Observability Software Engineer - Prometheus | Grafana | Splunk | Datadog | Kubernetes | EKS
Bringing the brightest minds to collaborate and drive mutual success.Home > Careers and Jobs > Observability Software Engineer - Prometheus | Grafana | Splunk | Datadog | Kubernetes | EKS
Job Description:
We are seeking an experienced Observability Software Engineer to design, implement, and optimize scalable monitoring and observability solutions for cloud-native environments. The ideal candidate will have expertise in cloud platforms, Kubernetes, distributed systems, DevOps automation, and modern observability tools.
Responsibilities:
- Design and maintain observability solutions across AWS, Azure, and GCP.
- Support Kubernetes/EKS infrastructure and containerized workloads.
- Implement monitoring, logging, and tracing platforms using Prometheus, Grafana, OpenTelemetry, Splunk, Datadog, Dynatrace, ELK, CloudWatch, and New Relic.
- Develop dashboards, alerts, and operational reporting.
- Build automation tools and scripts using Golang, Python, Bash, or Ruby.
- Support CI/CD and Infrastructure as Code using Jenkins, Terraform, ArgoCD, CloudFormation, Ansible, and Puppet.
- Troubleshoot distributed systems and improve system reliability and performance.
- Leverage AI-driven operational workflows and observability automation.
- Collaborate with engineering and operations teams in Agile environments.
Technologies
Cloud: AWS, Azure, GCP
Monitoring: Prometheus, Grafana, OpenTelemetry, Splunk, Datadog, Dynatrace, ELK, CloudWatch, New Relic
DevOps: Jenkins, Terraform, ArgoCD, Ansible, Puppet, CloudFormation
Languages: Golang, Python, Ruby, PHP (Optional)

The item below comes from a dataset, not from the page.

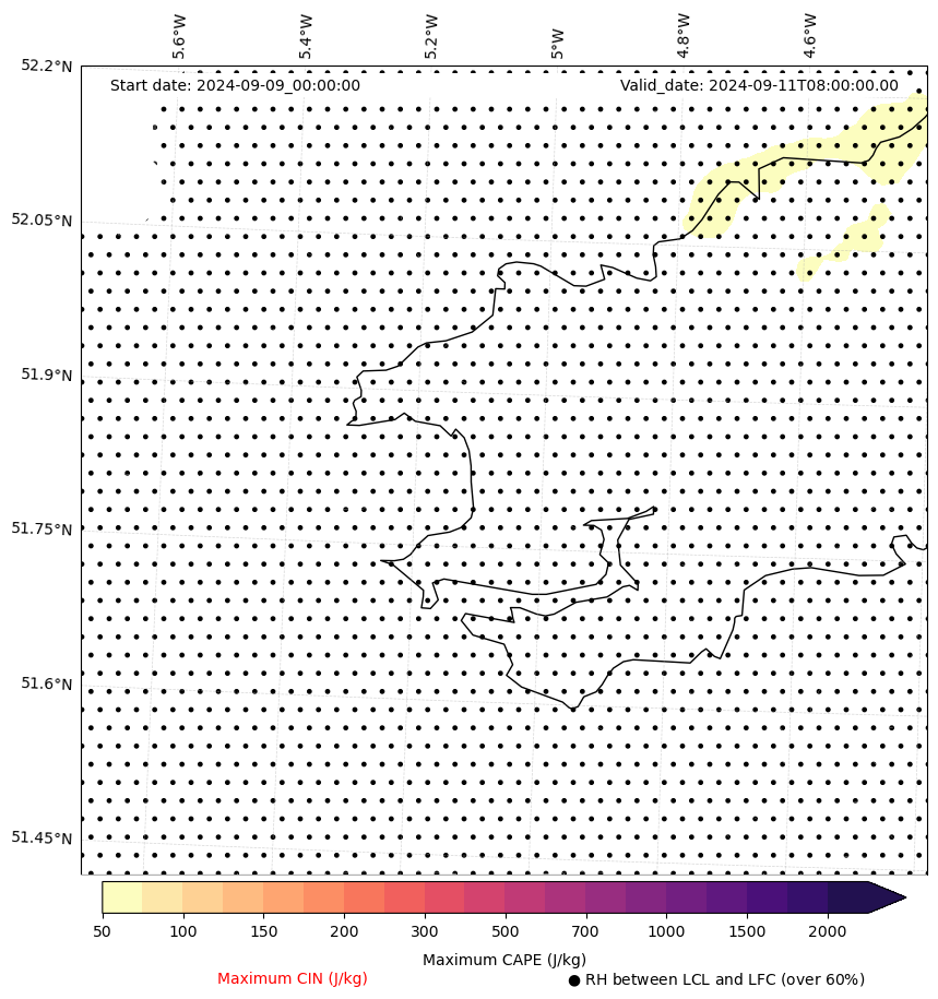 • Maximum CAPE (J/Kg)

Platforms: Kubernetes, Linux, Distributed Systems
REQUIRED SKILLS & QUALIFICATIONS:
- 5+ years of software engineering or DevOps experience.
- Strong experience with AWS, Kubernetes, and cloud-native technologies.
- Hands-on experience with observability and monitoring platforms.
- Experience with Linux/Unix administration and scripting.
- Knowledge of distributed systems, SRE practices, and CI/CD pipelines.
- AWS and Amazon EKS expertise.
- Experience with OpenTelemetry and AI-assisted operational tooling.
- Familiarity with GitOps workflows and large-scale production environments.
- Strong problem-solving and communication skills.